(Records from a dataset)
··········
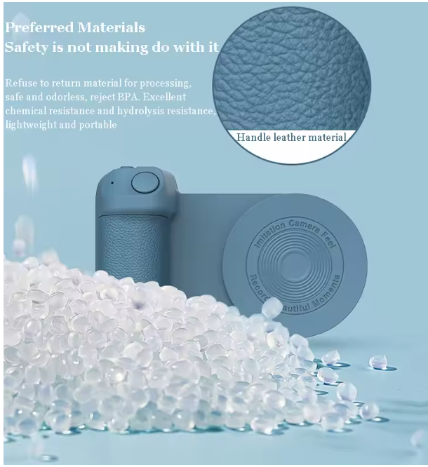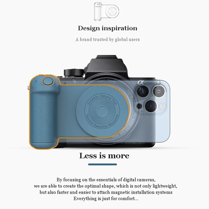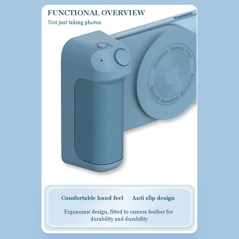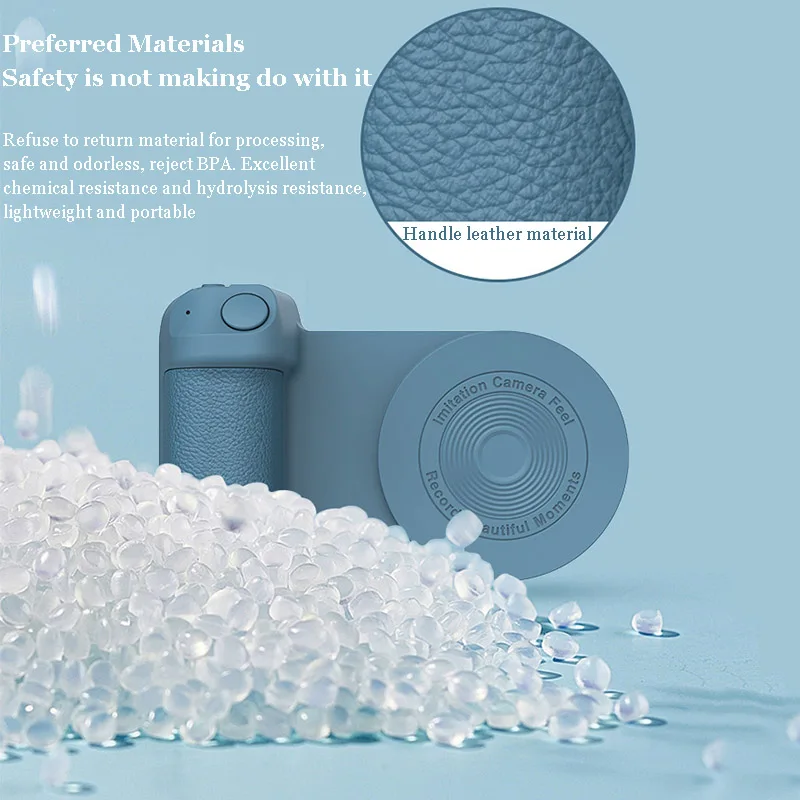 Camera Grip Photo Holder Inspired by imitating the camera grip for more stable photos for magsafe magnetic attachment for the back of the phone Not just a photo stand, but a desk stand Product Instruction: Press and hold the power button for 2 seconds, the blue indicator light flashes, and then turn on the BT of the mobile phone to connect to the BT device named BBC-8. After the connection When not in use, press and hold the switch for 2 seconds, the indicator light will turn off, indicating that it has been turned off! When the battery is low, it will automatically shut down. At this point, the product needs to be charged. The red indicator light is always on when charging, and the indicator light is off when fully charged. Charging time is about 2.5 hours. Inspired by the camera handle, making the shooting more stable Magnetic adsorption on the back of the phone, convenient to use Not just a selfie bracket but also is a desktop phone stand Designed with wireless charging function, charge your phone easily With BT shutter function, press the button on the handle to shoot easily Model: BBC-8 Size: 11.2*8.3*3.5cm Material: ABS+Magnet+PU Battery capacity: 200mAh Input interface: Type-C Rated voltage: DC/5V Rated current: 2A Power: about 10W |
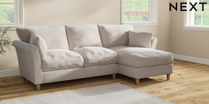 7.2.10 Buy Hartley Relaxed Sit Medium Sofa Chaise - Right Hand Chunky Chenille Oyster Low Conical - Light from the Laura Ashley online shop Click here to use our website with more accessibility support, for example screen readers
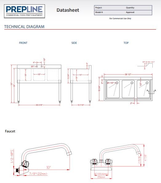 Item:Prepline Stainless Steel 3 Bowl Underbar Hand Sink and Faucet- 36″ x 18″
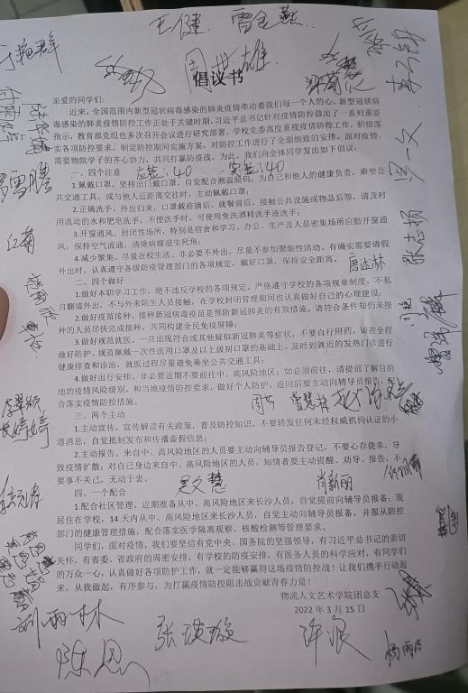 近期,全国范围内疫情多发频发,防控形势复杂严峻,牵动着我们每一个人的心。新型冠状病毒感染的肺炎疫情防控工作正处于关键时期,习近平总书记针对疫情防控作出了一系列重要指示,教育部、省教育厅多次召开专题会议,学校党委将疫情防控作为当前重中之重工作,每日组织相关部门人员专题研判学校疫情防控并进行相关部署。物流人文艺术学院团总支为进一步落实个人防控责任,让人人自觉参与防控,于3月15日向人文院全体同学发起抗疫倡议。
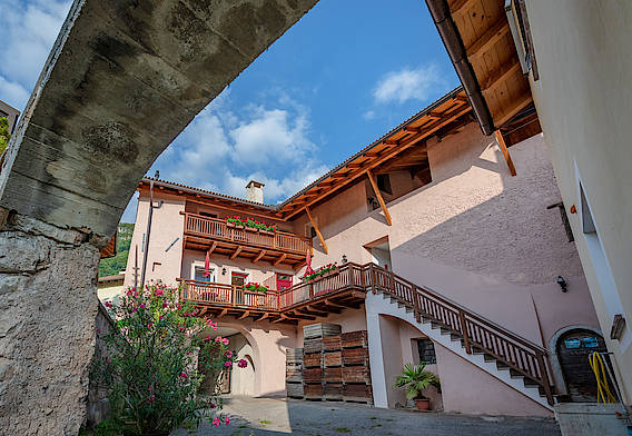 How to find us: Leave the Brenner motorway (A 22) exit “ Neumarkt-Tramin-Auer/Egna-Termeno-Ora” and follow the signs to “ Tramin/Termeno”. 200 m after the distillery “ Roner” you cross the Wine Street and follow the signs to “. Turismuszone Süd”. After 400 m you will see our pink coloured house on the right side.
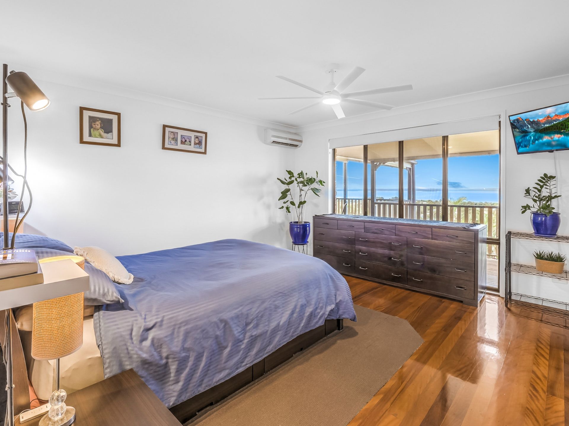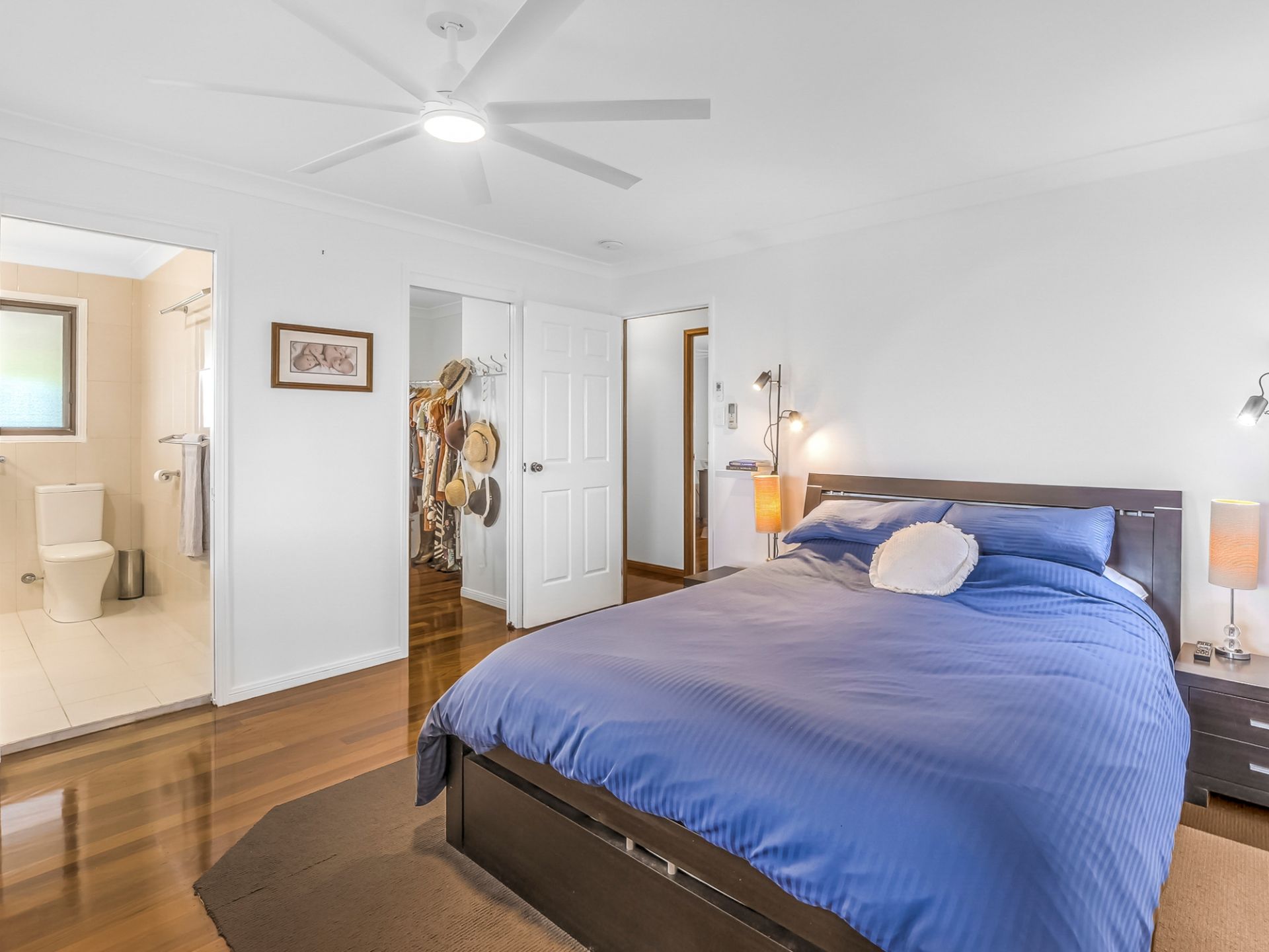 • The main bedroom includes a ceiling fan and a remote-controlled blind, split system air conditioning, a large walk-in wardrobe, and a lavish ensuite
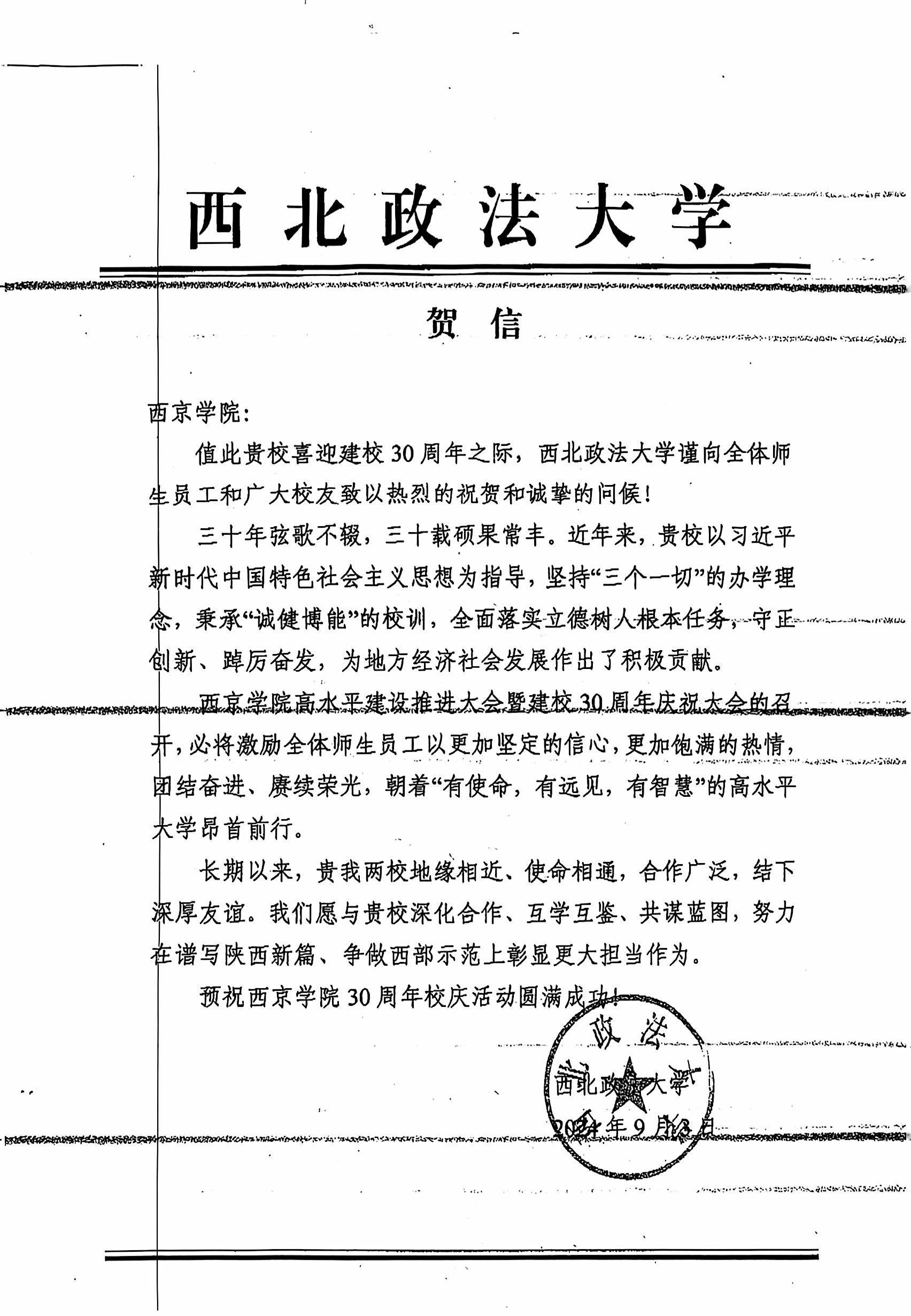 西京学院建校三十周年之际,百所国内外友好合作高等院校陆续发来贺信,借由书信祝福西京学院越办越好,表达深化合作、携手共进,共同为建设教育强国贡献力量的美好愿景。
··········
Your task is to retype, exactly and only, the lines from the line holding "a lavish ensuite" through the final line of the data above, with both ends kept. Drop the pictures.

--- TASK SOLUTION ---
 • The main bedroom includes a ceiling fan and a remote-controlled blind, split system air conditioning, a large walk-in wardrobe, and a lavish ensuite
 西京学院建校三十周年之际,百所国内外友好合作高等院校陆续发来贺信,借由书信祝福西京学院越办越好,表达深化合作、携手共进,共同为建设教育强国贡献力量的美好愿景。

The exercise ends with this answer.